Why Is It Always the Nazis?

So the wife has been a bit sick lately, and I therefore have been checking out lots of graphic novels from the library for her, because when you are not feeling well, you sometimes need some easily digestible reading. Then what happens but that I start catching the sniffles and the aches myself, so I’ve been hitting the comic books a bit myself these past two days. 

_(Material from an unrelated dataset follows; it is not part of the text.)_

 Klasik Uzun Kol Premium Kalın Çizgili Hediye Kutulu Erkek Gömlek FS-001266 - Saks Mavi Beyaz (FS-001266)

Among the volumes I checked out were the first three library editions of Hellboy, much of which I had already read years ago, but she likes it, and it’s readable enough. These days, though, years into my study of atrocity and collective violence, I find myself unwilling to suspend disbelief on one rather crucial aspect of the storyline. The first few story arcs regularly feature surviving Nazis who are continuing grand plans laid down at the end of World War II, in league with demon priest Rasputin (of course) and a host of other supernatural types who apparently find enough common cause with these swastika-wearing egos to join up for at least the moment and see about summoning a few primordial chaos powers to cause the destruction of humankind. Now, for the sake of the storyline, I’ll give the writer his Nazi conspiracies and his Lovecraftian monsters and his gun-toting demonic good guy, but one issue keeps bothering me throughout the whole series.

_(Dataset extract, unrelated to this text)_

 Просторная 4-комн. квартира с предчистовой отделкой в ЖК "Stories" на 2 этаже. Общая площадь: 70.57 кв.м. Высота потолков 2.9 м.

Why are demonic forces always teaming up with the Nazis?

Oh, I understand how modern popular culture has refashioned the Nazi into a standard villain set piece, but if you’re an ancient chaos monster, wouldn’t you survey earth history to try to find the best match for you? I mean, you wouldn’t want to be teaming up with short-lived Third Reich types who could barely manage a decade of rule before everything collapsed down upon them. You’d want to team up with a nice, long-lasting empire who managed to keep hold of large parts of the world for a few centuries and commit unparalleled atrocities without ever being called to task for it.

In other words, if you were a tentacled, gibbering bit of Lovecraftian nightmare-stuff bent upon wreaking destruction, you’d probably want to buddy up with Britannia. Just think of what the British have to offer you:

* Colonization and genocide in the Americas. Numerous historians have noted that, while Indian populations in Central and South America, those parts colonized by inquisitorial Spain and Portugal, largely survived, English (and later American) settlers in North America worked hard to exterminate Indians completely. 

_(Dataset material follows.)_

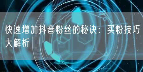 通过本文的解析,希望能够帮助你在抖音上实现粉丝数量的快速增长。记住,买粉只是手段之一,真正重要的是持续提供高质量的内容,与粉丝保持良好的互动关系。只有真正赢得粉丝的喜爱和信任,才能在抖音上取得长期的成功。

* Colonization and genocide in Australia. Yep, British colonists not only helped reduce the aboriginal population to a mere few percent of the continent’s present population, but the massacres on Tasmania were so thorough that no full-blooded Tasmanian survived.

* Colonization and genocide in India. During the late nineteenth and early twentieth centuries, there occurred to multi-year famines in India that may have killed as many as 29 million people. Normally, starvation due to changes in climate and weather would not be considered genocidal, except that the British administrators were shipping grain out of famine-plagued regions to sell on the world market even as people were starving. Moreover, authorities outlawed all forms of charity or assistance, fearing its affect upon the free market. See, the British connected India to the global market, and thus the famine in India had the effect of making grain even more expensive and less affordable to the native population, but plantation owners were making a mint sending the stuff back to England. Scholars like Christopher Powell consider their actions as amounting to genocide.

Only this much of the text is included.